* _Dataset entries_
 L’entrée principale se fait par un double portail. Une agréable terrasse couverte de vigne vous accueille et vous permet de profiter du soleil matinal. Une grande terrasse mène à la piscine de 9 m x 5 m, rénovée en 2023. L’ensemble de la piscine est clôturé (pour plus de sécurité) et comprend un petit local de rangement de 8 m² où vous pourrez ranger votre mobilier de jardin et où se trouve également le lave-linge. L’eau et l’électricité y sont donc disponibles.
==
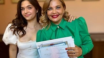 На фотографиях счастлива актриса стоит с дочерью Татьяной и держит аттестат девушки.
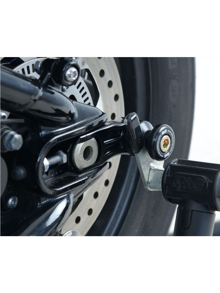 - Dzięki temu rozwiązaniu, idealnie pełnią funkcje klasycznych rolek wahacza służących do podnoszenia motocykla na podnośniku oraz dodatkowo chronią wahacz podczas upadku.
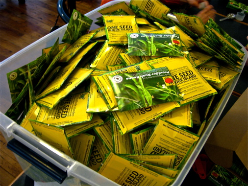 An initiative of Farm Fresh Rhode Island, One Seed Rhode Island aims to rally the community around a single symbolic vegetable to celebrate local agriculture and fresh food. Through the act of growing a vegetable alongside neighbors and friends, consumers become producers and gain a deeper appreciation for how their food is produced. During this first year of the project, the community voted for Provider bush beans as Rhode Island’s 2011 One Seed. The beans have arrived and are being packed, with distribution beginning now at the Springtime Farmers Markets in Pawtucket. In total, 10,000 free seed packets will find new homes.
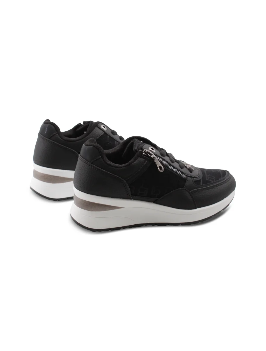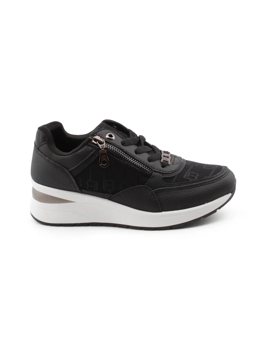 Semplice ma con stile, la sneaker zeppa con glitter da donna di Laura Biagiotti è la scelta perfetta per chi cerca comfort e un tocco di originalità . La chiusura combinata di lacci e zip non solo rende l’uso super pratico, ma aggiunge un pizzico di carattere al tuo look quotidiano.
...
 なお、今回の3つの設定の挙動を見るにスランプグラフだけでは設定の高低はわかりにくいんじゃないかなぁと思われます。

* _What this task involves_
Although pictures appear among the records above, write out exactly only the lines from the one that has "На фотографиях счастлива" through the one that has "- Dzięki temu", and leave the pictures out.

* _Output_
 На фотографиях счастлива актриса стоит с дочерью Татьяной и держит аттестат девушки.
 - Dzięki temu rozwiązaniu, idealnie pełnią funkcje klasycznych rolek wahacza służących do podnoszenia motocykla na podnośniku oraz dodatkowo chronią wahacz podczas upadku.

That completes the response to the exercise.